### What this task involves
The entries are to be repeated exactly, with all pictures omitted.

### Data for processing
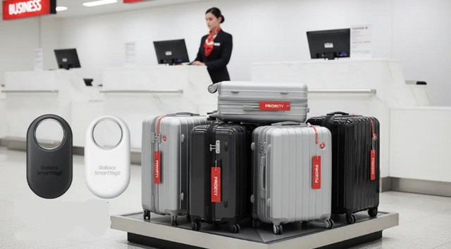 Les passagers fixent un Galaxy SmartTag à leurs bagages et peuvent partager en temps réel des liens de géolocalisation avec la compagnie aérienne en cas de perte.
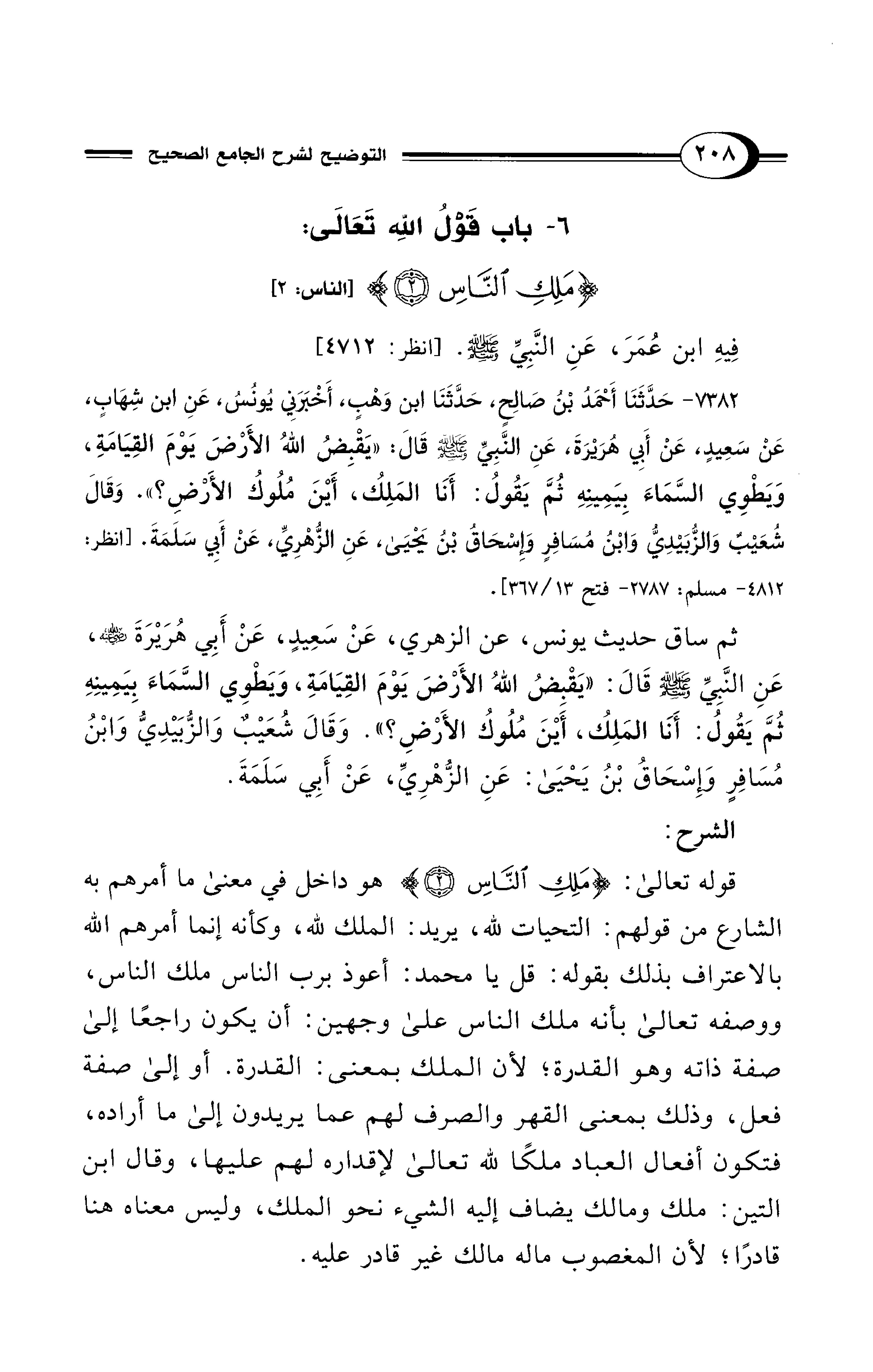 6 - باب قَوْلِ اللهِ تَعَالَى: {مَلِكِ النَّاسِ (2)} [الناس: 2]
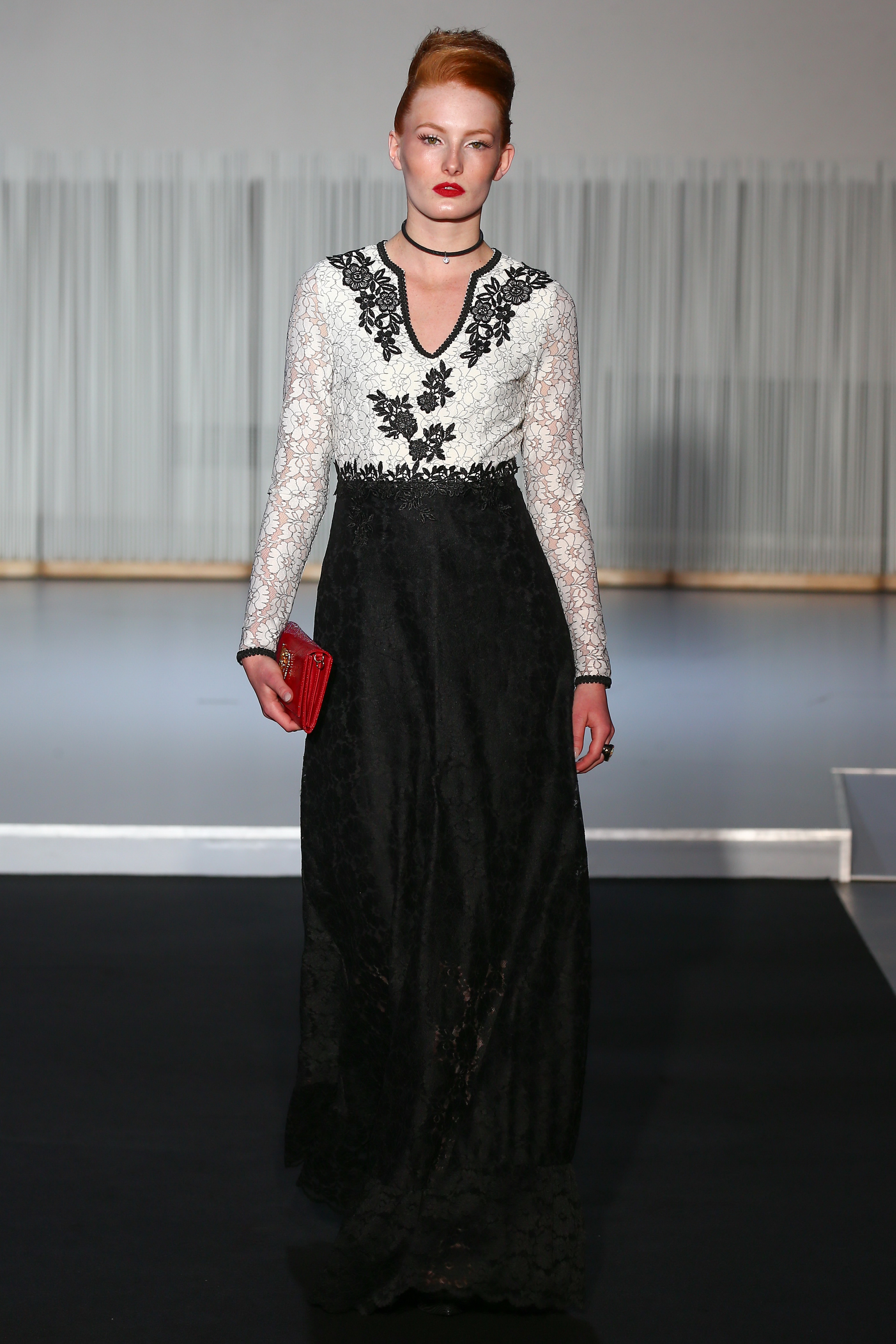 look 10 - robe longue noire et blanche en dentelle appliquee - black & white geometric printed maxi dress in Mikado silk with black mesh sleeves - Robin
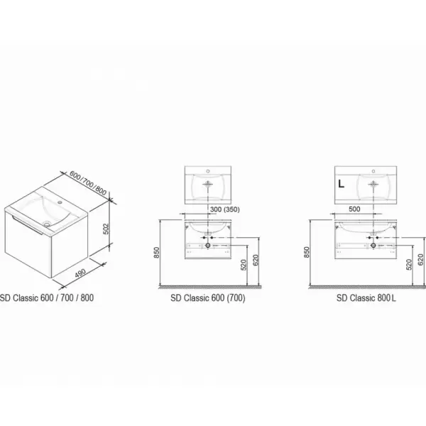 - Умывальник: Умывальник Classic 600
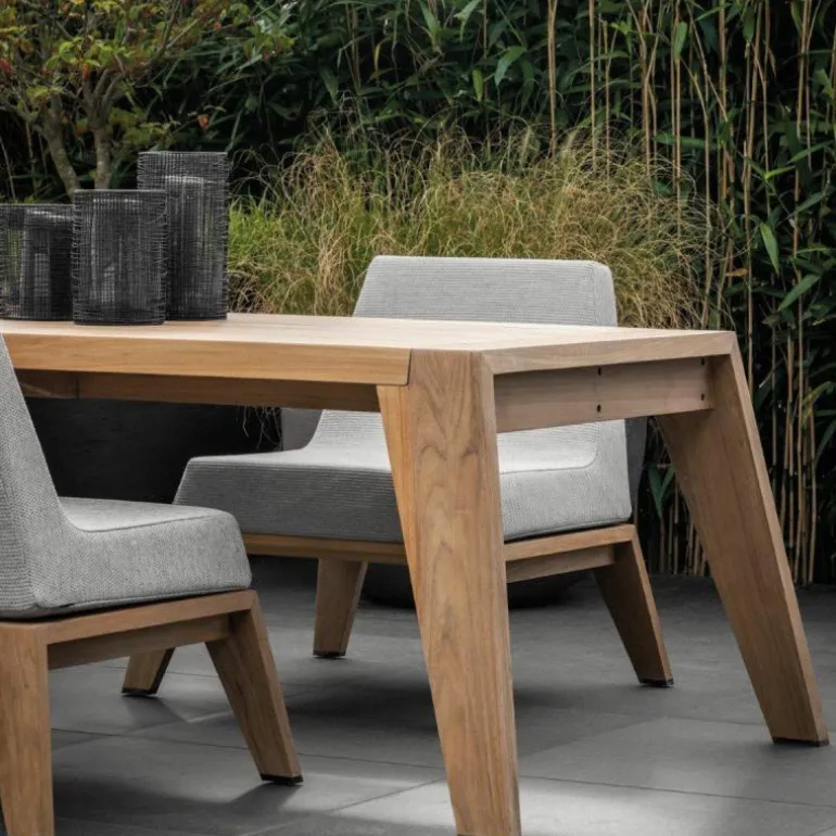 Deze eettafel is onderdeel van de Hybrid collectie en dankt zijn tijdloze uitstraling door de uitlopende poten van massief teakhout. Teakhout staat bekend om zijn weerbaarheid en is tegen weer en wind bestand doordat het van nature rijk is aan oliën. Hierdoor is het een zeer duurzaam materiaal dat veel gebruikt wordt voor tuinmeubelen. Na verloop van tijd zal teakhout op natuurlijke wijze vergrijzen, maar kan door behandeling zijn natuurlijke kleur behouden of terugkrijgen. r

### Task answer
 Les passagers fixent un Galaxy SmartTag à leurs bagages et peuvent partager en temps réel des liens de géolocalisation avec la compagnie aérienne en cas de perte.
 6 - باب قَوْلِ اللهِ تَعَالَى: {مَلِكِ النَّاسِ (2)} [الناس: 2]
 look 10 - robe longue noire et blanche en dentelle appliquee - black & white geometric printed maxi dress in Mikado silk with black mesh sleeves - Robin
 - Умывальник: Умывальник Classic 600
 Deze eettafel is onderdeel van de Hybrid collectie en dankt zijn tijdloze uitstraling door de uitlopende poten van massief teakhout. Teakhout staat bekend om zijn weerbaarheid en is tegen weer en wind bestand doordat het van nature rijk is aan oliën. Hierdoor is het een zeer duurzaam materiaal dat veel gebruikt wordt voor tuinmeubelen. Na verloop van tijd zal teakhout op natuurlijke wijze vergrijzen, maar kan door behandeling zijn natuurlijke kleur behouden of terugkrijgen. r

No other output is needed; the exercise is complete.